Thomas Hardy, The Time-Torn Man Claire Tomalin

Viking, pp.544, 25

Claire Tomalin is an accomplished biographer. While she recognises Hardy’s genius, this book is not an essay in literary criticism. With great skill and sensitivity she uses his poetry, novels and his extensive correspondence to illuminate the life of a man for whom she writes ‘the wounds inflicted by life never quite healed’. He never entirely forgave the vicar of Stinsford church, where his family was buried and he himself wished to be, for preaching against members of the lower orders who presumed to escape from their station in life by entering the professions. This was precisely the ambition of Hardy. As a boy of 12 he taught himself Latin, the entry ticket to a wider world beyond the confines of the Dorset village of his birth.

The great strength of this book is its treatment of the women who shaped Hardy’s life: Jemima, his mother; his first wife Emma Gifford and her successor as his wife on Emma’s death, Florence Dugdale. In 1840 Jemima gave birth to Hardy, a sickly child, the result of a brief encounter with the local builder who did the decent thing and married her. She had been a domestic servant for 17 years in the great aristocratic houses of Wessex; she hoped to better herself by becoming a cook in London, but her husband refused to leave the village of Bockhampton. She felt trapped in her marriage. Like D. H. Lawrence’s mother, an educated woman who read books, married to a miner whose familiar home was the local pub, she was determined that her son should make a respectable career.
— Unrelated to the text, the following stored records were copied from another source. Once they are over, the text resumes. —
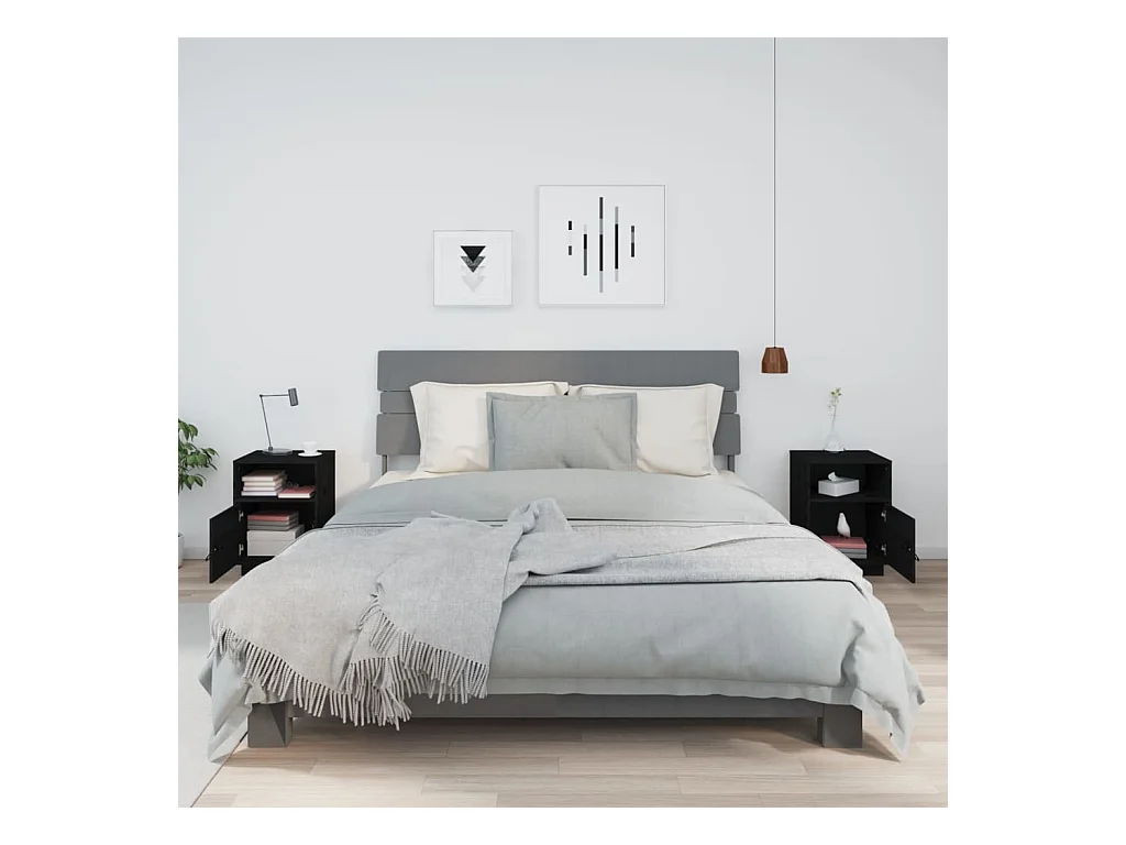 Lydar Mesitas de noche 2 uds madera maciza de pino negro 40x34x45 cm
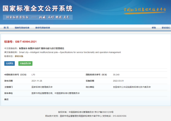 这份上海三思参与起草的文件规定了包括道路多功能杆的总体要求、基本组成、杆体设计要求、附属设施要求、检验要求以及标志、包装、运输和贮存等一系列行业标准。该标准重点指出:为满足新型智慧城市需要,需要有效管理智慧杆的长期使用,制定并规范运营服务,包含信息管理、运行监控、维护等内容,使新型多功能杆可安全支持搭载移动通信设备、智能照明设备、视频监控设备等。
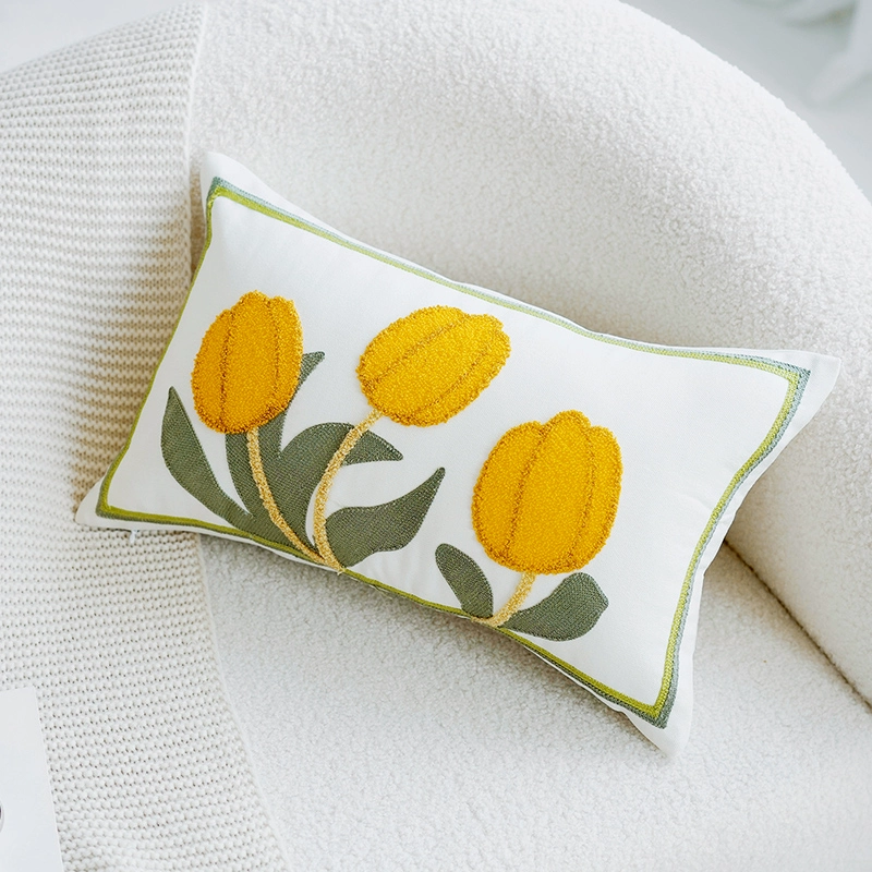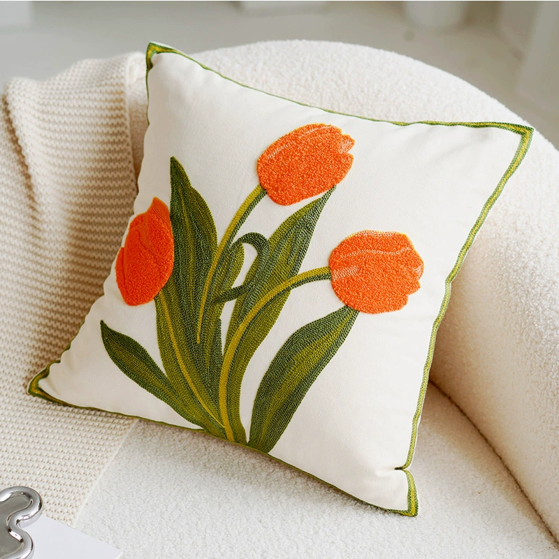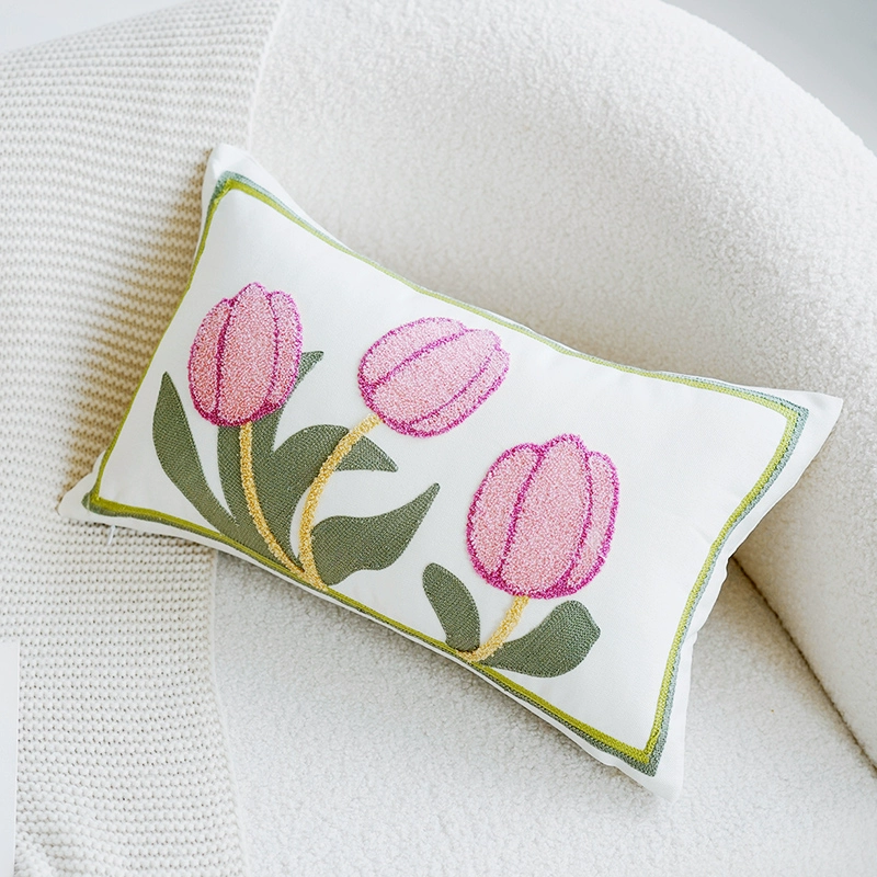 | nameOriginal | Green internet celebrity tulip cushion cute girly pink flower pillow case embroidered living room sofa back cushion |
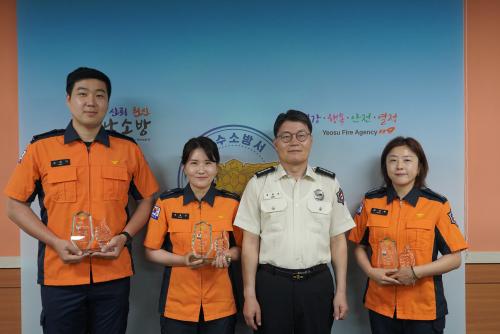 [½Åµ¿¾Æ¹æ¼Û=¿©¼ö À̼±Á¾ ±âÀÚ] ¿©¼ö¼Ò¹æ¼­(¼­Àå ¹Ú¿ø±¹)´Â 21ÀÏ ¸Å¿ù º£½ºÆ® ¼Ò¹æ°ø¹«¿øÀ» ¼±¹ßÇϴ¡®´ç½ÅÀÌ ÃÖ°í¡¯ ¼ö¿©½ÄÀ» °³ÃÖÇß´Ù. ¡®´ç½ÅÀÌ ÃÖ°í¡¯´Â ŸÀÇ ¸ð¹üÀ» º¸À̰í Àû±ØÇàÁ¤¿¡ Èû¾²´Â ´ë¿øµéÀ» °¢ ºÎ¼­¿øµéÀÌ Àû±Ø ÃßõÇÏ¿© ¼ö¿©ÇÏ´Â »óÀ¸·Î Á÷¿ø¡¦
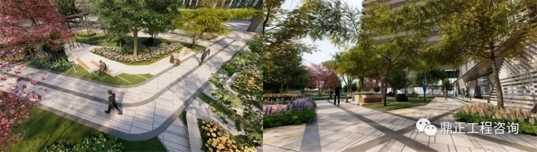 鼎正景觀設計內容:景觀園建及綠化工程,包括景觀廣場、步道、小品及園林植物設計,總設計面積近20000㎡。
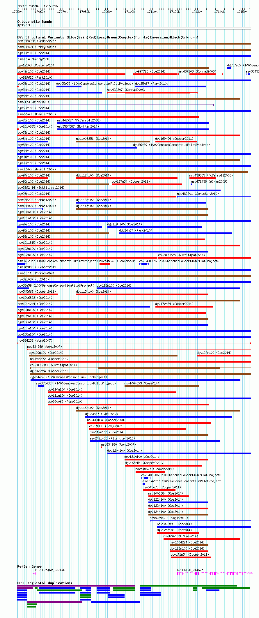 Variant DetailsVariant: nsv834258 | Internal ID | 16111441 | | Landmark | | | Location Information | | | Cytoband | 1p36.13 | | Allele length | | Assembly | Allele length | | hg38 | 103591 | | hg19 | 103591 | | hg18 | 103591 | | hg17 | 103591 |
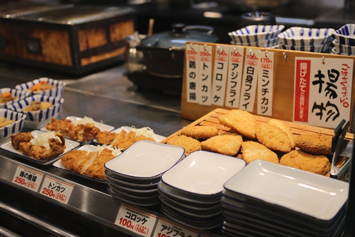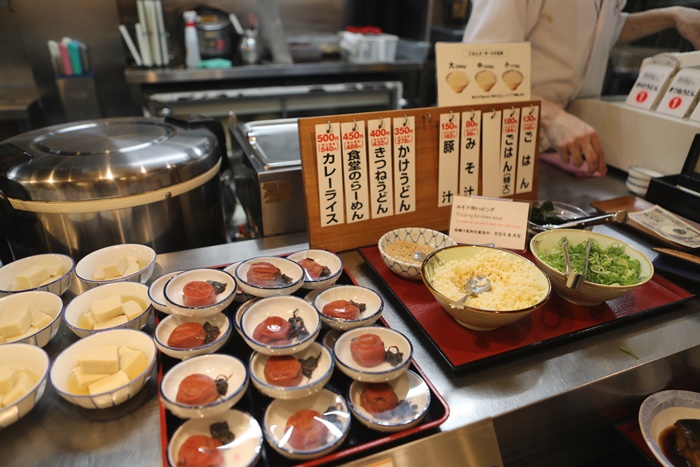 各式各樣的菜色還有豆腐、蒸蛋、生魚片、生菜沙拉等等通通都有,簡直都快比台灣宵夜清粥小菜還要豐富精彩,冷藏箱櫃裡面也有啤酒跟果汁跟氣泡飲料。
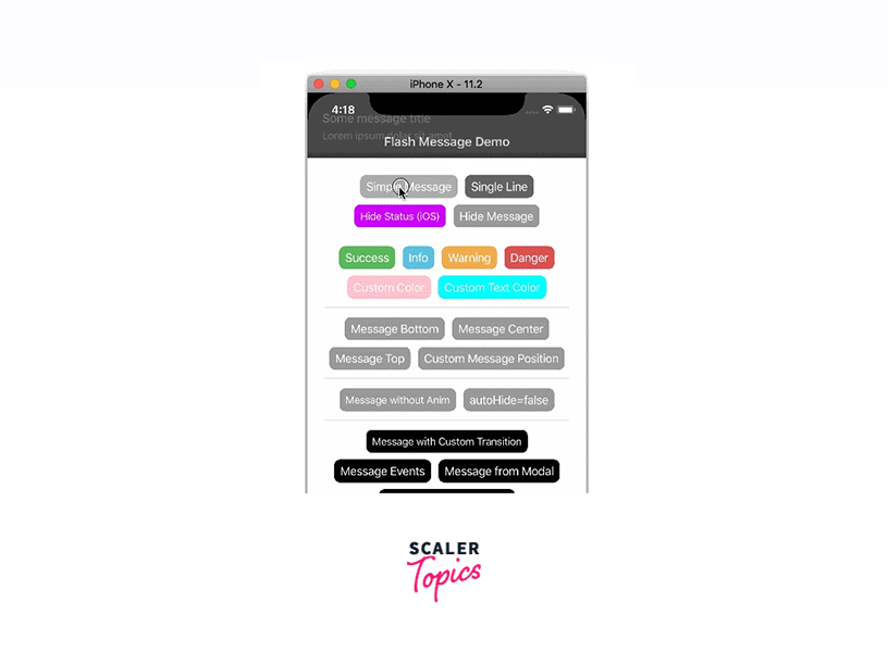 The primary component responsible for rendering messages in our application is referred to as DefaultFlash, which serves as the main MessageComponent. To address various aspects such as device orientations, statusbar heights, and the inclusion of iPhone X "notch" inset padding, DefaultFlash is encapsulated within another component called FlashMessageWrapper. This wrapper component ensures proper handling of these factors for an enhanced user experience. The below image demonstrates the various react native flash message components that we have discussed throughout the article.
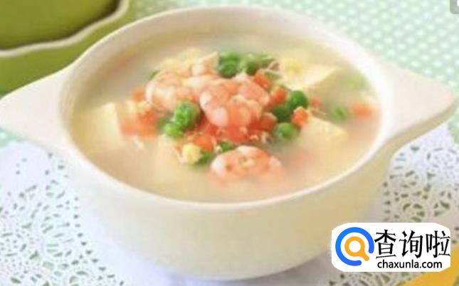 虾仁,豆腐,胡萝卜放在一起炖汤。喜欢吃蔬菜可以加在一起。
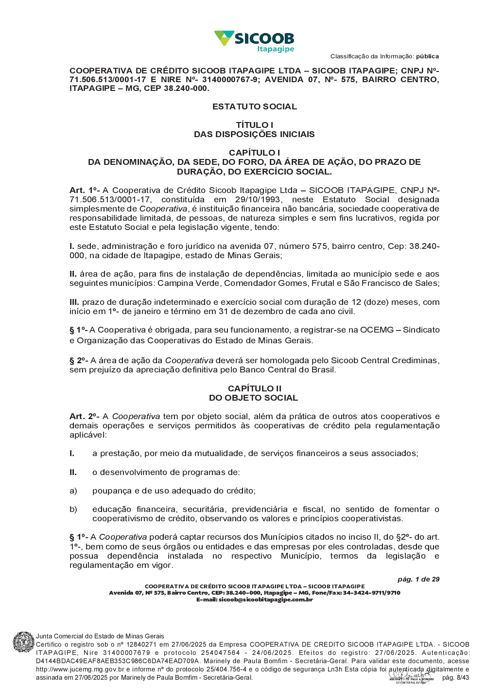 - Disponível o Estatuto Social vigente do Sicoob Itapagipe aprovado na AGE do dia 25 de março de 2025, e que já se encontra aprovado pelo BACEN e registrado pela Jucemg.
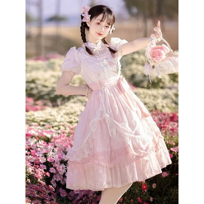 ロリータ ワンピース 洋服 花柄 レディース 膝丈 半袖 リボン パフスリーブ フリル レース Aライン ハイウエスト ロリィタファッション 上品 エレガント

Hardy entered professional life as an architect’s assistant in Dorchester, then worked with Blomfield, a fashionable and busy London architect who profited from the boom for restoring churches to what was conceived to be a pure Gothic style. He was sent to plan the restoration of St Juliot’s, a remote Cornish church. Its rector was the brother-in-law of Emma Gifford, a provincial blue stocking. All his life Hardy fell in love — or thought he had. Hitherto he had only known local girls; Emma was the first girl he could talk to as an equal, a romantic, emancipated woman, galloping alone over the cliff tops around St Juliot’s. They fell in love. He came back from Lyonnesse, the ancient name for Cornwall, he wrote, ‘with magic in my eyes’. After a courtship of four years they married in 1874. The magic faded over time as Hardy excluded Emma from his creative work. Given to inconsequent chatter, she claimed to her guests that she was his valued collaborator. Hardy reacted, Tomalin claims, by retiring into himself, preferring silence to rows, which, as so often happens in marriages, might have ended in an emotional reconciliation. By the time they settled in Max Gate on the outskirts of Dorchester, the house that Hardy built in the 1880s, they lived separate lives: he writing in his attic, merely coming down for meals.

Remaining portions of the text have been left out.